[Extracted data entries]
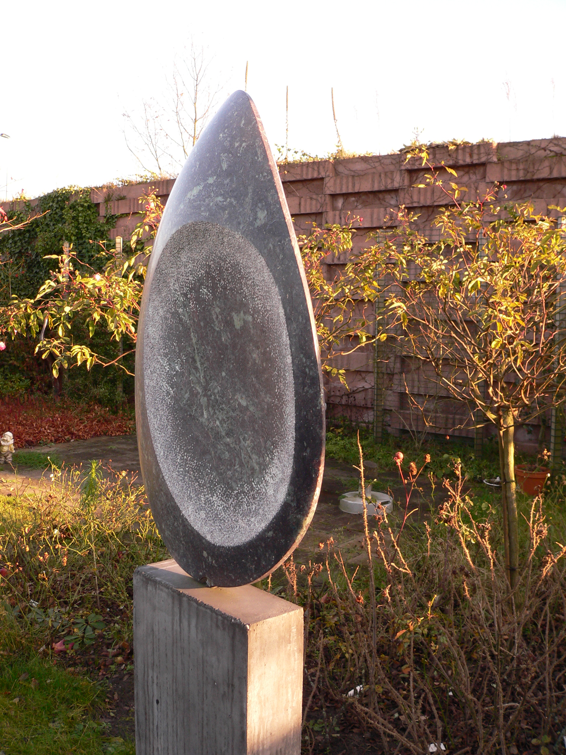 Dit werk is van serpentijn gemaakt. Het staat op een zwarte, betonnen sokkel. Het liefst zou ik hebben gehad dat dit werk horizontaal in de ruimte zou zweven.
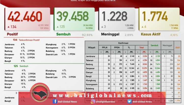 Pertambahan kasus terkonfirmasi positif 134 orang (113 orang melalui transmisi lokal dan 21 PPDN), sembuh sebanyak 125 orang, dan 3 orang meninggal dunia.
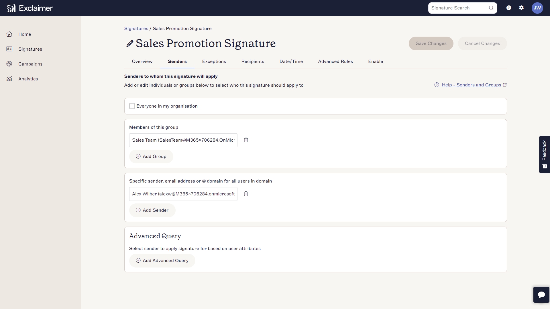 Automatically deploy signatures to specific teams or departments.
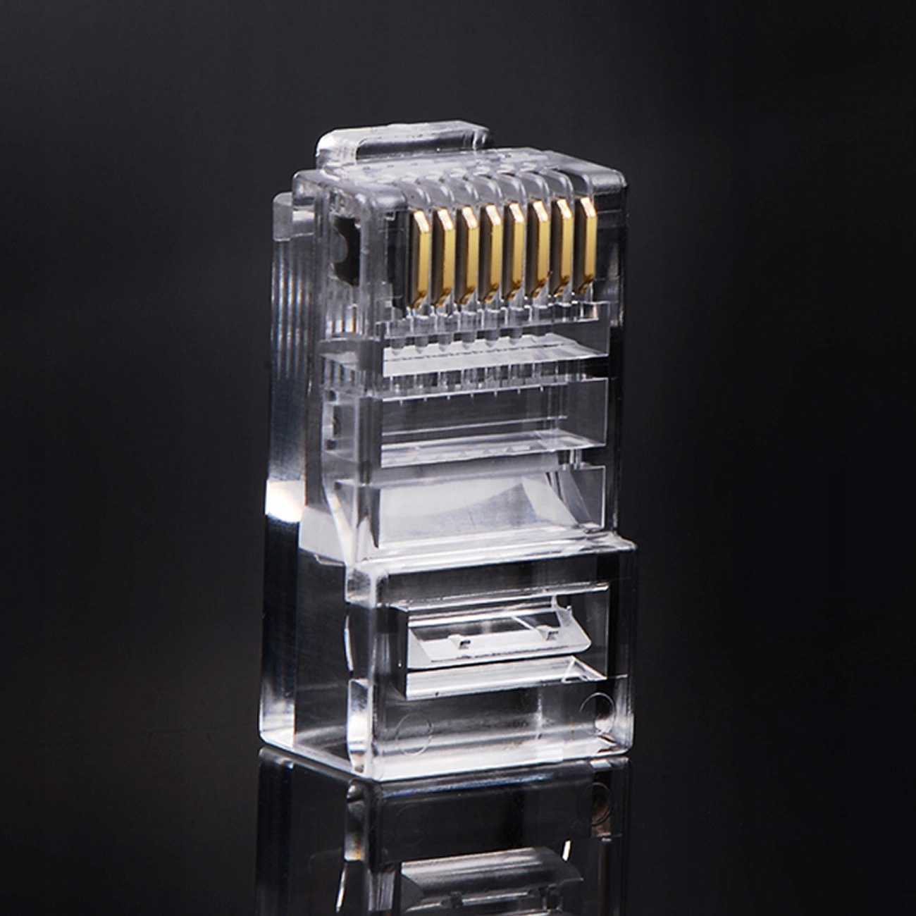 Модульная заглушка RJ45 8p8c Cat. 5, 5e используется для интернет -кабелей с цепком. Пробок используется в телекоммуникациях и компьютерном оборудовании. Это самый распространенный в качестве основного разъема для построения компьютерных сетей. Продукт был закончен с медными контактами, покрытыми золотом - это предотвращает окисление материала. Набор включает в себя 100 штук
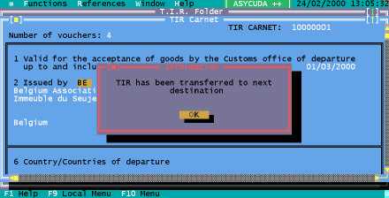 Figure 7.5: Functions, TIR Carnet, Open, F9 Local Menu, Validate Transferred
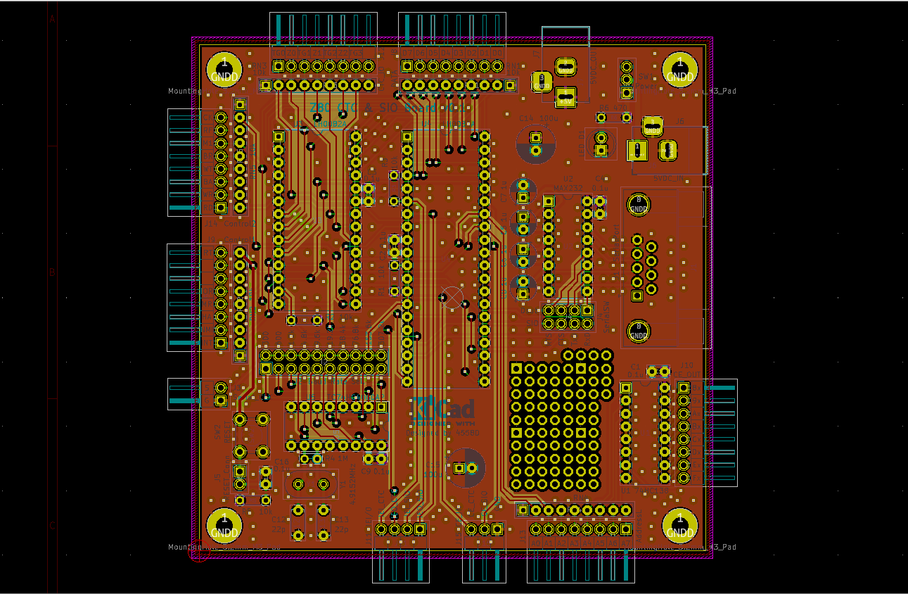 また、PCBパターンは以下のようにした。回路図の回路に加え、空き領域に2.54mmピッチのユニバーサル基板領域を仕込み、簡単な拡張や回路修正ができるようにしている。
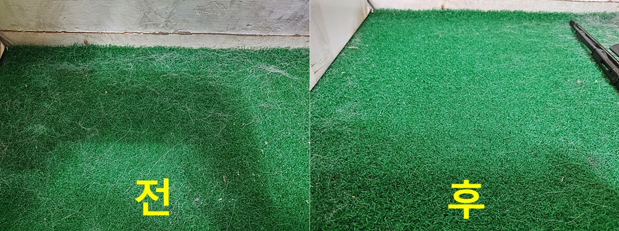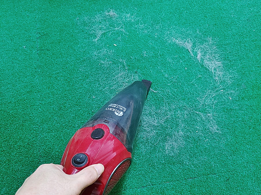 PP와 같은 플라스틱 재질의 인조잔디이기에 그냥 쓸어서는 털제거에 어려움이 있답니다.
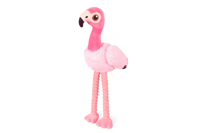 Flora the Flamingo is eager to show off her crinkly legs and wings while your pup searches for her enticing multiple squeakers!

Task description:
All the lines above are to be reproduced exactly, except the pictures.

Answer to this problem:
 Dit werk is van serpentijn gemaakt. Het staat op een zwarte, betonnen sokkel. Het liefst zou ik hebben gehad dat dit werk horizontaal in de ruimte zou zweven.
 Pertambahan kasus terkonfirmasi positif 134 orang (113 orang melalui transmisi lokal dan 21 PPDN), sembuh sebanyak 125 orang, dan 3 orang meninggal dunia.
 Automatically deploy signatures to specific teams or departments.
 Модульная заглушка RJ45 8p8c Cat. 5, 5e используется для интернет -кабелей с цепком. Пробок используется в телекоммуникациях и компьютерном оборудовании. Это самый распространенный в качестве основного разъема для построения компьютерных сетей. Продукт был закончен с медными контактами, покрытыми золотом - это предотвращает окисление материала. Набор включает в себя 100 штук
 Figure 7.5: Functions, TIR Carnet, Open, F9 Local Menu, Validate Transferred
 また、PCBパターンは以下のようにした。回路図の回路に加え、空き領域に2.54mmピッチのユニバーサル基板領域を仕込み、簡単な拡張や回路修正ができるようにしている。
 PP와 같은 플라스틱 재질의 인조잔디이기에 그냥 쓸어서는 털제거에 어려움이 있답니다.
 Flora the Flamingo is eager to show off her crinkly legs and wings while your pup searches for her enticing multiple squeakers!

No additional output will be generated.